G BALIAH SETTY Vs. STATE OF ANDHRA PRADESH

Decided On April 20, 1962
G.BALIAH SETTY Appellant
V/S
STATE OF ANDHRA PRADESH Respondents

JUDGEMENT

(1.) THIS is a petition under Article 226 of the Constitution for the issue of a writ of certiorari or any other appropriate writ calling for the records pertaining to the Notification No. 112, G.O. Ms. No. 566, Revenue, dated 11th March, 1960, and quash the same, and pass such other order or orders as this Court may deem fit and proper in the circumstances of the case.

(2.) THE relevant facts may briefly be noticed. The petitioners are a registered partnership firm doing business under the name and style of G. Baliah Setty, B. Satyanarayana and Company. They export ghee on a large scale to States outside Andhra Pradesh. The course of business adopted by them was to purchase ghee from dealers who purchased butter and converted it into ghee. The petitioners are the last purchasers of ghee in the State, and it is the petitioners' case that their vendors had already paid sales tax on their purchase turnover relating to butter, and, therefore, the ghee purchased by them cannot be subject to sales tax as it amounts to double taxation of the same goods. In other words, the petitioners' case is that ghee is only butter clarified to resemble oil, and is prepared by a process of heating butter without altering or changing the butter in substance or quality.
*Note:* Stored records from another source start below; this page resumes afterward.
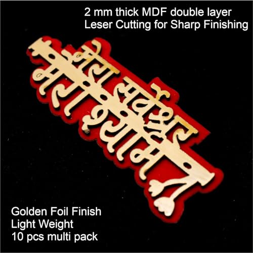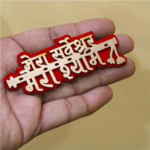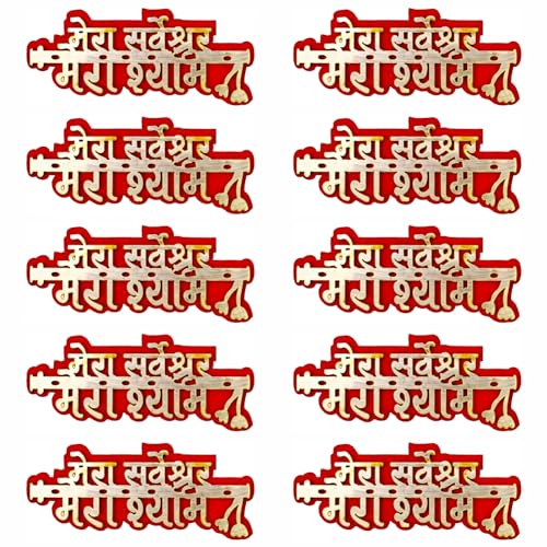 MERA SARWESHWAR MERA SHYAM wood brooch pack of 10 pcs. for religious get-together and programme. This made on MDF Wood Base. Golden foil on Top.
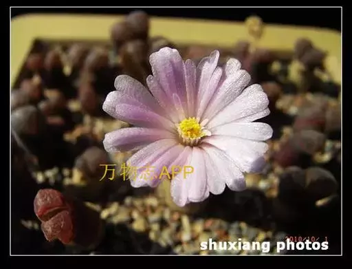 生石花,番杏科生石花属多年生肉质草本植物。植株几乎无茎;花朵较大,颜色艳丽,呈多边形,…
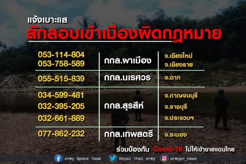 | • เปิดเบอร์แจ้งเบาะแส!! ลักลอบเข้าเมืองตามแนวชายแดนเสี่ยงแพร่กระจายโควิด-19 |
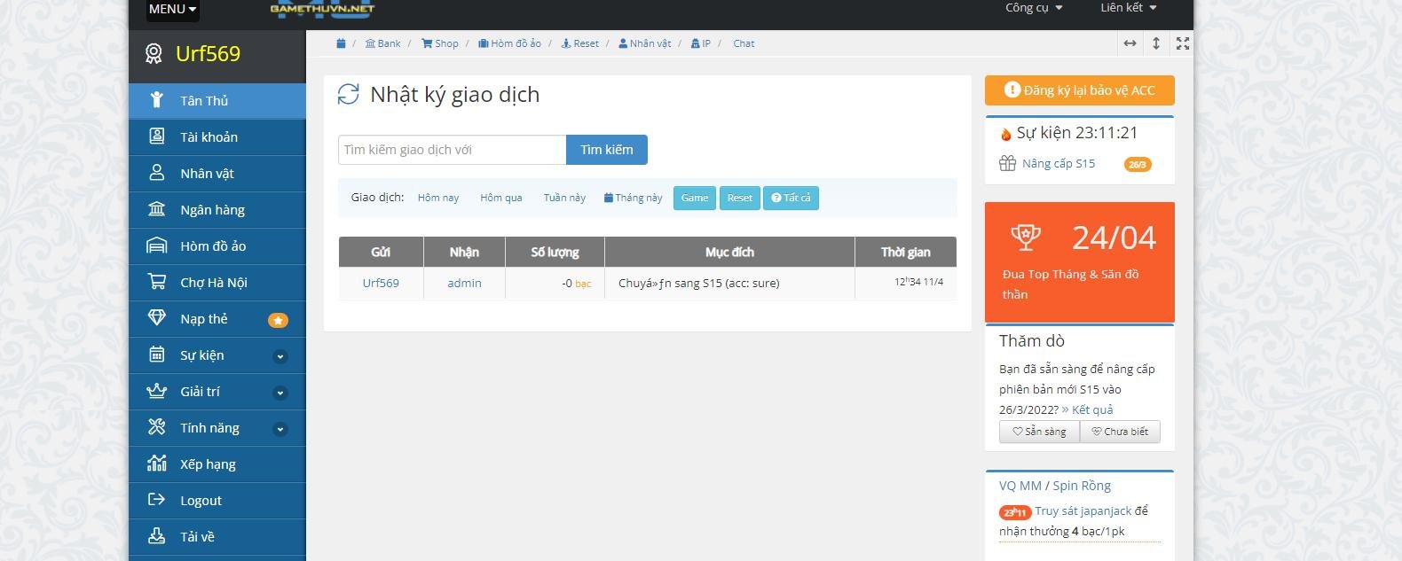 Ngày 11-4-2022 Mình có chuyển 9090 bạc vào nv: admin ở s15 và có ghi chú trả bạc cho acc: Urf569 ở s12 như ad hướng dẫn ở zalo Xong đấy mình có đc mở khóa và đã tạo acc: sure để chuyển nv và đồ đã sang. Lúc sang đã mất 1 con SHK+15 với 1 con TM mình đã thắc mắc và không có câu trả lời gì. Rồi xong 1 ngày đẹp trời nào đó hiện tại là ngày 19-4 mình có kiểm tra lại thông tin bên s15 và vẫn bị gán cái án nợ bạc chưa trả. Mình đã cố hết sức nt qua zalo rồi sms vẫn ko có câu TL từ fan ko biết nay sếp có đi massger hay nhậu nhẹt đâu không mà lâu rep thế )
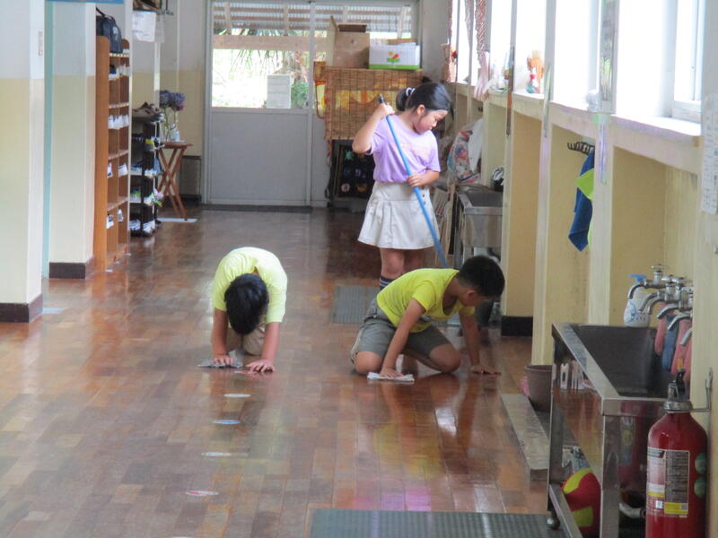 25日は朝の清掃活動の日でした。子供たちは時間がきたらすぐに自分の担当場所に移動して、自分達で考えながら汚れている場所をほうきで丁寧に掃いたり、雑巾で拭いたりしていました。限られた時間で、しかも人数が少ない中での清掃ですから担当場所をきれいにするためには、丁寧に清掃しながらも同じ場所をいつまでも清掃するわけにはいきません。ですからいかに効率よく、集中しながら清掃していくのかが鍵になっています。それが実践できていた時間だったと思います。

(3.) THE said notification was made to come into force with effect from 1st April, 1960. It is contended that in and by means of this Notification both butter and ghee are subject to levy of purchase tax from the last purchaser of each of those goods, and that has the effect of double taxation, or taxing the same goods twice over, which is repugnant to the scheme of the Act, and opposed to law. The demand of tax from the petitioners on their purchase turnover under these circumstances is a threat by the State to realise it by using the coercive machinery of the Sales Tax Act and amounts to an infringement of their fundamental right guaranteed under Article 19(1)(g) of the Constitution. The State resisted the petition contending, infer alia, that the allegation that the petitioners purchased ghee only from dealers who purchased butter and converted it into ghee is not a fact which is admitted, and there might be several cases in which the petitioners purchased ghee from their vendors, who might themselves have purchased ghee, but not butter. The statement of the petitioners that they purchased ghee from dealers who paid tax on purchase of butter is incorrect, and they are put to strict proof of the same. The contention that ghee is only butter, and that if ghee and butter are taxed it would amount to double taxation is unsustainable, and is a wrong and unwarranted assumption. Butter, on conversion to ghee, undergoes both physical and chemical changes, and properties in both of them are different and the taxation of those commodities separately would not amount to double taxation. Even assuming that some of the petitioners' vendors paid tax on butter, that did not prevent the authorities from taxing the ghee at the point of last purchase. The notification in question is under the authority of law conferred by section 41 of the Act, and does not contravene any of the provisions of the Act, nor is opposed to any notions of public finance.